[WORK INSTRUCTION]
Repeat the entries exactly but omit the pictures.

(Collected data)
┏━━

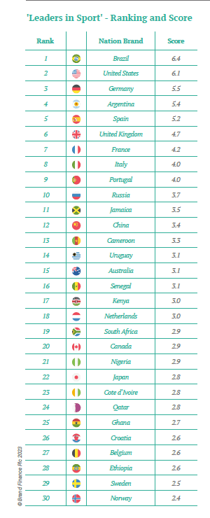 Although it is clear that sport has exposure to huge audiences around the world, it is not a direct driver of a nation’s Soft Power. The attribute “leaders in sport” is not a driver of Reputation or Influence.
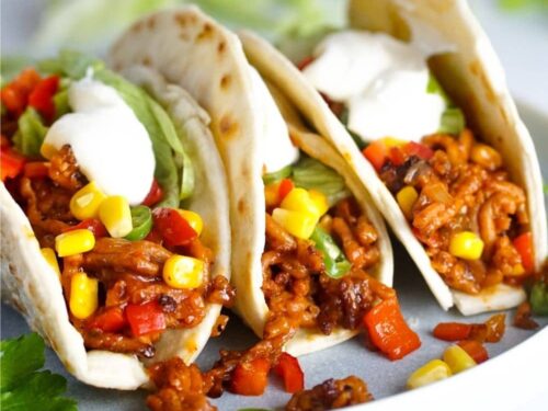 | Fajitas mit gehacktem | vegan, kids | Weizentortillas,Kidneybohnen,Vegi Gehacktes,Rotwein,Tomatenpüree,Zwiebel,Maiskörner (Dose),Büchsentomaten,Avocado,Gurken | 99 |
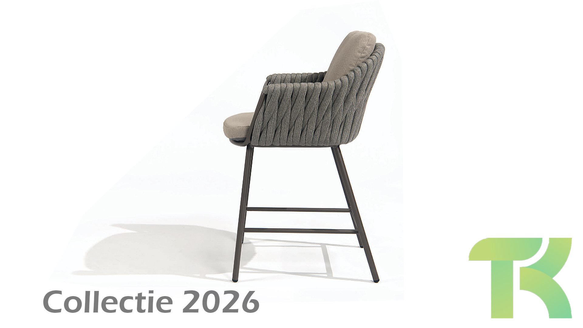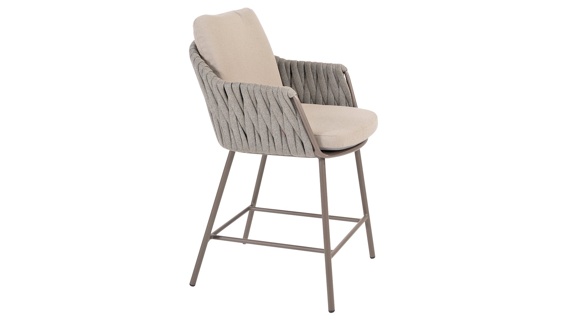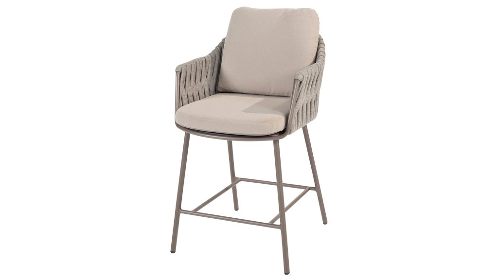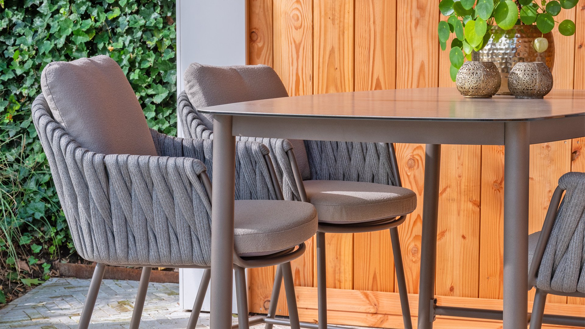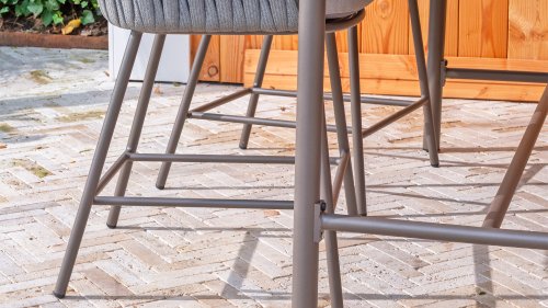 Refined, elevated & distinctive. The Cannes High Dining set by Taste by 4 Seasons Outdoor literally elevates outdoor dining to a higher level. The subtle, terroir-colored, powder-coated aluminum frame creates a beautiful contrast with the elegantly woven, light gray rope. Thanks to the high-quality craftsmanship, the set looks modern, warm, and inviting. The generous Olefin cushions in light gray provide a comfortable, slightly elevated seating position that perfectly complements the luxurious high dining experience.
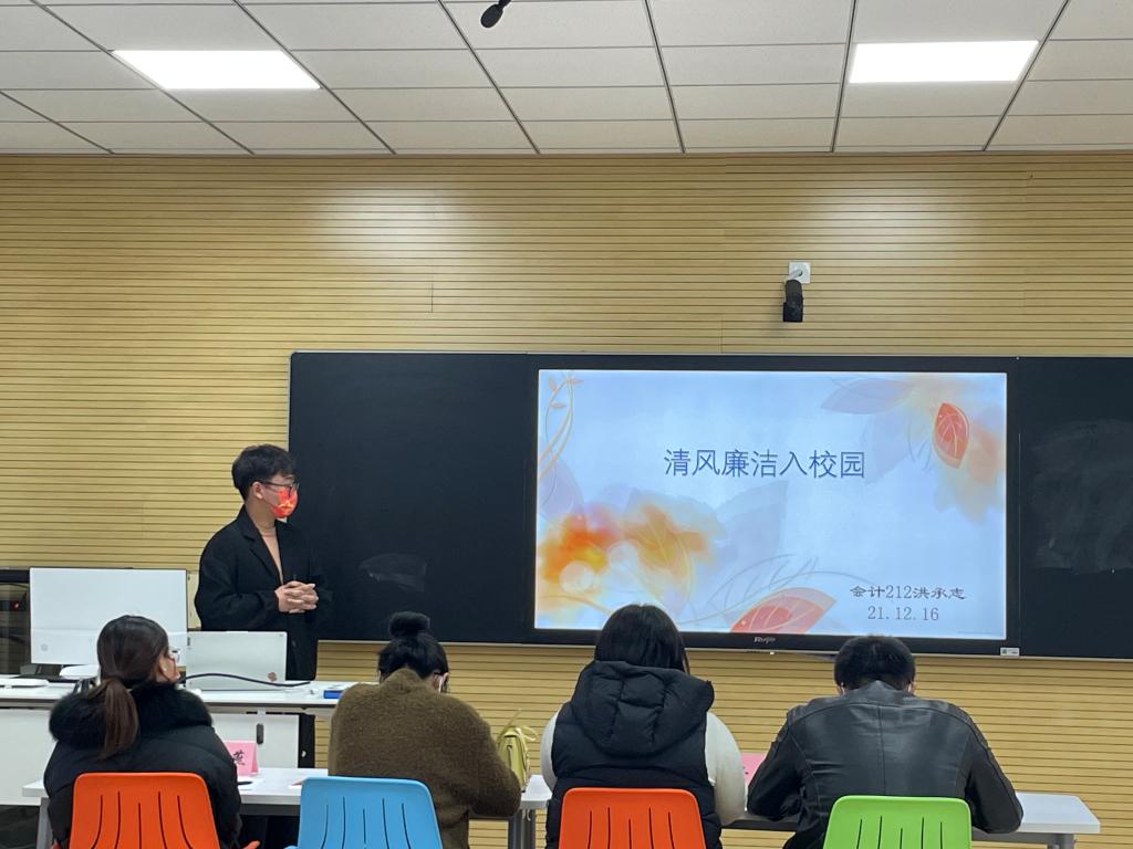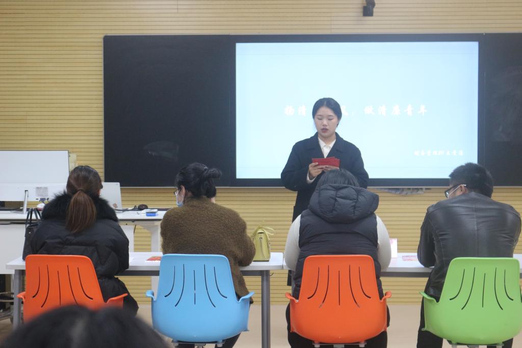 为进一步弘扬清廉风气,推进清正廉洁教育深入人心,12月16日下午15:30,商学院在理工1507教室举办了以“清风沐校园,廉洁伴我行”为主题的演讲比赛,旨在引导广大青年学生树立正确的荣辱观,争做反腐倡廉的生力军。根据疫情防控需要,比赛不组织观众现场观摩,同时赛事组织方对参赛选手、工作人员进行严格的现场测温、验码、行程筛查,在场人员全程佩戴口罩。商学院党总支书记潘小承、商学院党总支副书记兼学工办主任徐定高以及各学生党支部书记出席本次活动。
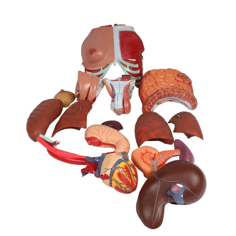 The Bisexual Torso with Open Back from Erler Zimmer is a life-sized model that offers a highly realistic representation of the human body. The model consists of 28 detachable parts and provides full accessibility to all body systems. All important anatomical structures are clearly depicted. This model is recommended for medical training and education. The easy interchangeability of the urogenital systems allows for a detailed bisexual anatomical representation.
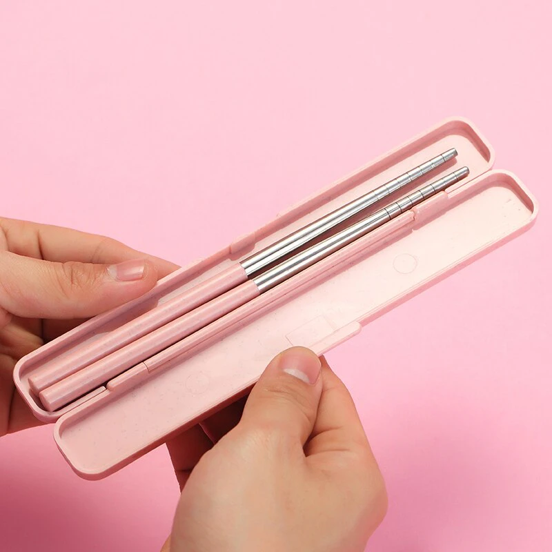 Ideal for enjoying your lunch on the go, these pastel metal chopsticks come with a handy lightweight storage case so you can pop them in your bag or car when out and about.

┗━━

[RESPONSE TO THE EXERCISE]
 Although it is clear that sport has exposure to huge audiences around the world, it is not a direct driver of a nation’s Soft Power. The attribute “leaders in sport” is not a driver of Reputation or Influence.
 | Fajitas mit gehacktem | vegan, kids | Weizentortillas,Kidneybohnen,Vegi Gehacktes,Rotwein,Tomatenpüree,Zwiebel,Maiskörner (Dose),Büchsentomaten,Avocado,Gurken | 99 |
 Refined, elevated & distinctive. The Cannes High Dining set by Taste by 4 Seasons Outdoor literally elevates outdoor dining to a higher level. The subtle, terroir-colored, powder-coated aluminum frame creates a beautiful contrast with the elegantly woven, light gray rope. Thanks to the high-quality craftsmanship, the set looks modern, warm, and inviting. The generous Olefin cushions in light gray provide a comfortable, slightly elevated seating position that perfectly complements the luxurious high dining experience.
 为进一步弘扬清廉风气,推进清正廉洁教育深入人心,12月16日下午15:30,商学院在理工1507教室举办了以“清风沐校园,廉洁伴我行”为主题的演讲比赛,旨在引导广大青年学生树立正确的荣辱观,争做反腐倡廉的生力军。根据疫情防控需要,比赛不组织观众现场观摩,同时赛事组织方对参赛选手、工作人员进行严格的现场测温、验码、行程筛查,在场人员全程佩戴口罩。商学院党总支书记潘小承、商学院党总支副书记兼学工办主任徐定高以及各学生党支部书记出席本次活动。
 The Bisexual Torso with Open Back from Erler Zimmer is a life-sized model that offers a highly realistic representation of the human body. The model consists of 28 detachable parts and provides full accessibility to all body systems. All important anatomical structures are clearly depicted. This model is recommended for medical training and education. The easy interchangeability of the urogenital systems allows for a detailed bisexual anatomical representation.
 Ideal for enjoying your lunch on the go, these pastel metal chopsticks come with a handy lightweight storage case so you can pop them in your bag or car when out and about.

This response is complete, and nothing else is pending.